Les affiches choc attaquant l’État juif, posées sans permission, ont été placées dans au moins quatre endroits bien en vue, y compris des arrêts d’autobus à Westminster, Waterloo et Bloomsbury.

Elles sont apparues le lendemain du jour où le dirigeant travailliste Jeremy Corbyn a tenté de modifier la définition internationalement reconnue de l’antisémitisme, afin d’exclure les allégations selon lesquelles la fondation d’Israël et l’autodétermination du peuple juif sont « racistes ».

La définition provient de l’International Holocaust Remembrance Alliance.
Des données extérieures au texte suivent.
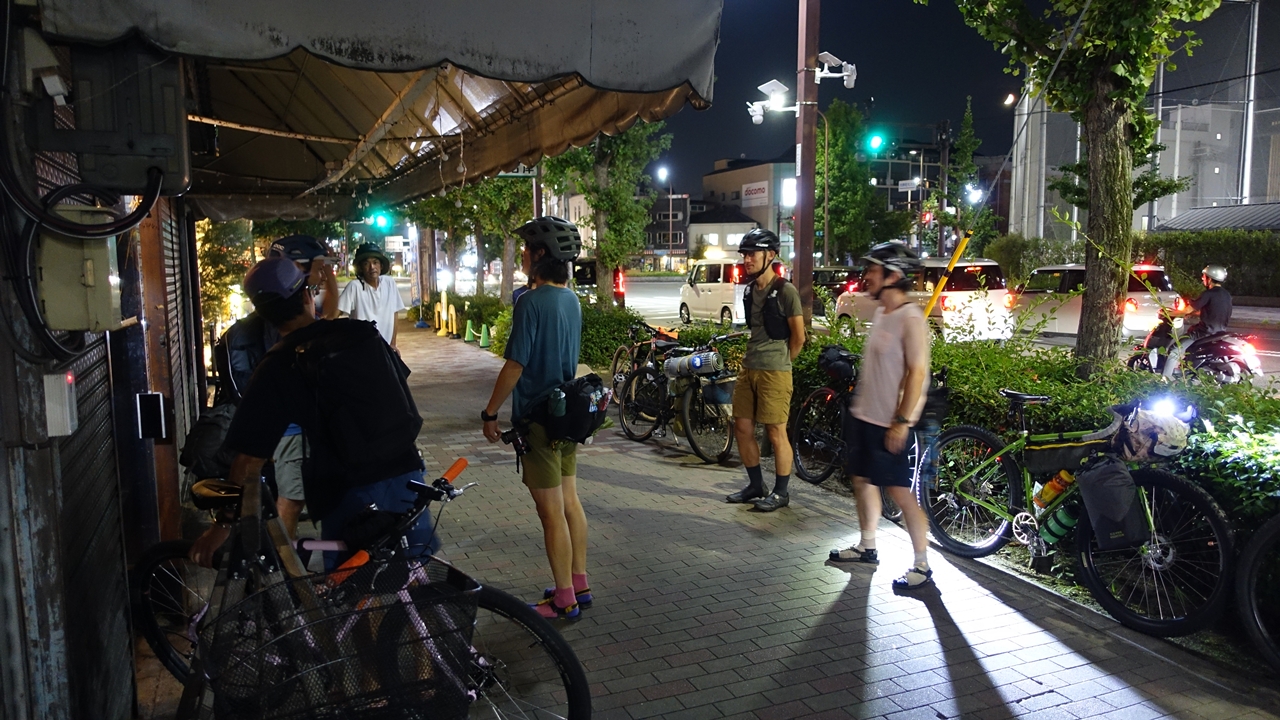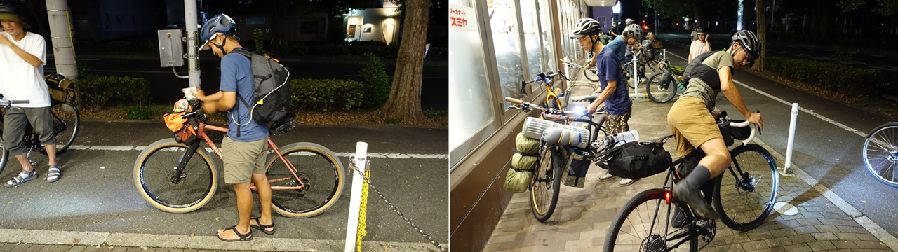 あいさつもそこそこに、ナイトライドの必需品・高輝度ヘッドライトの電源をオンにしたら、浮き立つ気持ちでペダルを踏み込み、一行は買い出し先の千本北大路にあるイズミヤへ。
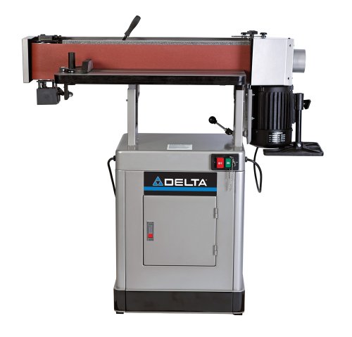 With the W1688 edge sander, Shop Fox delivers a good budget machine with some appreciated features but it falls short on the overall finish and fine details of the machine. Weighing 311 pounds, the W1688 presents a very durable body with shielded and lubricated ball bearings to provide a longer life even though it has a rough finish when it comes to paint and other details. The 1.5HP motor powers the 6-by-80 Inch sanding belt that runs at a maximum 1,800 SFPM. While it lacks in belt speed, the W1688 offers advanced features such as belt tracking, a quick release lever for speedy belt changes, work tables that use a miter gauge and can be tilted for angle sanding and a 4-inch dust port that can be connected to a vacuum to effectively remove wood and abrasive dust from your work area. It’s a good budget sander if you can overlook the rough finish.

Mercredi, des manifestants qui se trouvaient à l’extérieur d’une réunion du Comité exécutif national (CEN) du Parti travailliste, où la question a fait l’objet d’un vote, tenaient des pancartes disant « Resist the IHRA » !

La définition de l’IHRA stipule que « prétendre l’existence d’un État d’Israël est une entreprise raciste » équivaut à de l’antisémitisme.

Toutefois, mardi, l’organisme dirigeant travailliste a accepté d’adopter la définition de l’antisémitisme de l’International Holocaust Remembrance Alliance. M. Corbyn a cependant pressé le parti d’inclure une déclaration selon laquelle « il ne faut pas considérer comme antisémite de qualifier de raciste Israël, ses politiques ou les circonstances entourant sa fondation », selon la BBC.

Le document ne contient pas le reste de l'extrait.